Effects As is clear from the above description, according to the present invention, the control signal is detected by passing the frequency component of the control signal from the received signal, integrating the passed signal, and comparing it with the reference voltage. and a second detection means for detecting a control signal by binarizing the received signal, measuring its period to recognize the frequency, and recognizing the frequency of the control signal, and transmitting the signal. While operating as a machine and transmitting an image signal, the first detection means detects a control signal;
On the other hand, while operating as a receiver, the second detection means is configured to detect the control signal on the condition that no image signal is being received. The present invention has an excellent effect in that control signals can be detected immediately, and malfunctions of the device due to erroneous detection of control signals can be reliably prevented.

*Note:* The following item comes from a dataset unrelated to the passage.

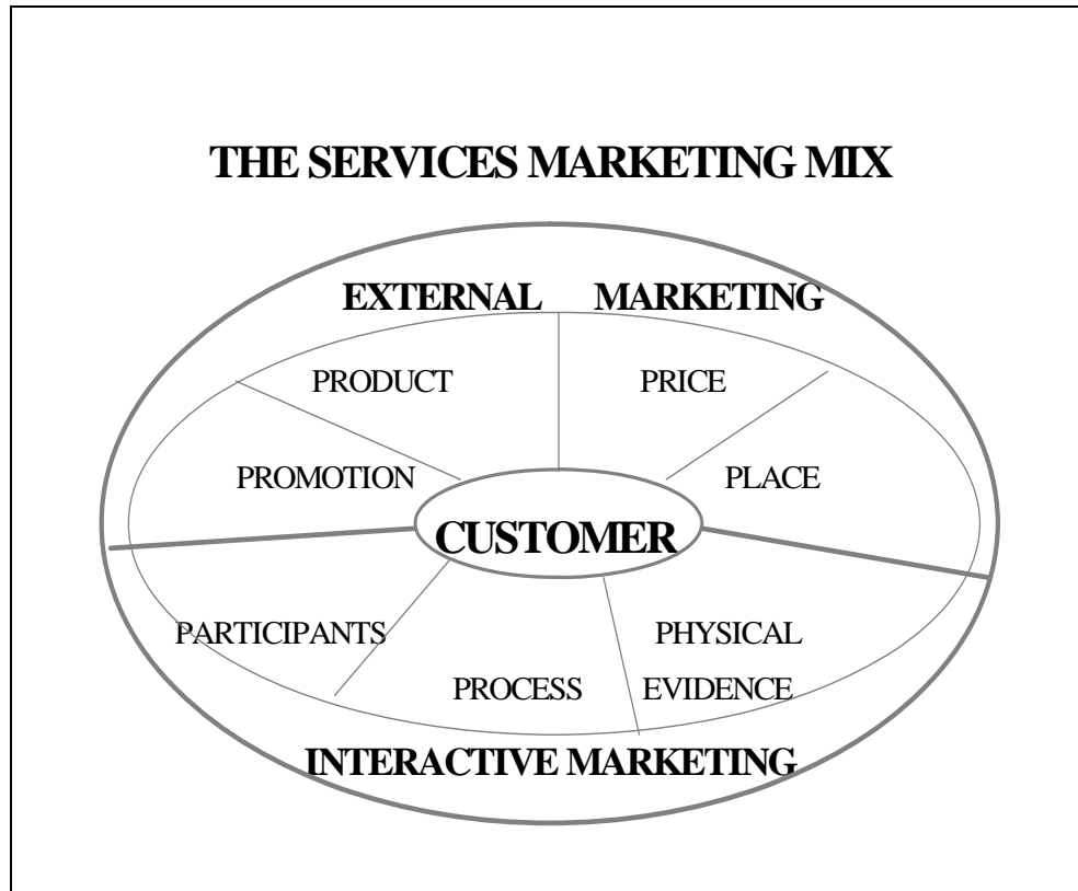
Figure 4: The Services Marketing Mix

Source: Daly, Aidan, Lets Improve in proceedings of the Quis 9 International Research Symposium on Service Excellence in Management, Sweden, June 2004.

[Brief explanation of the drawing]

The figure explains one embodiment of the present invention.
2 is a block diagram of the control circuit, FIGS. 2A and 2B are explanatory diagrams of different tonal signal frequency determination methods, and FIG. 3 is a flowchart diagram illustrating the control operation. 1...2-3 value conversion circuit, 2...Low pass filter, 3...Carrier wave generation circuit, 4...Modulator, 5
... Residual sideband filter, 6, 9 ... Equalizer, 7
...Hybrid circuit, 8...Network control device, 10
... Bandpass filter, 11 ... Automatic gain adjustment circuit, 12 ... Demodulator, 13 ... Synchronization signal detection circuit, 14 ... PIS signal detection circuit, 16 ... Binarization circuit, 17 ... Tonal counter circuit , 18...
control circuit.

Claims (1)

[Claims] 1. In a facsimile device that detects a control signal having a predetermined frequency for interrupting image communication while operating as a transmitter and as a receiver, a first detection means for detecting the control signal by passing a frequency component, integrating the passed signal, and comparing the integrated signal with a reference voltage; and binarizing the received signal; a second detection means for detecting the control signal by recognizing the frequency by measuring the period and detecting the control signal by recognizing the predetermined frequency; and a second detection means for detecting whether or not an image signal is being received. 3
and a detection means for causing the first detection means to detect the control signal when operating as a transmitter and transmitting an image signal, and on the other hand, when operating as a receiver and causing the above-mentioned second detection means to detect the control signal when the image signal is not being received. A facsimile apparatus comprising a control means for causing a detection means to detect the control signal.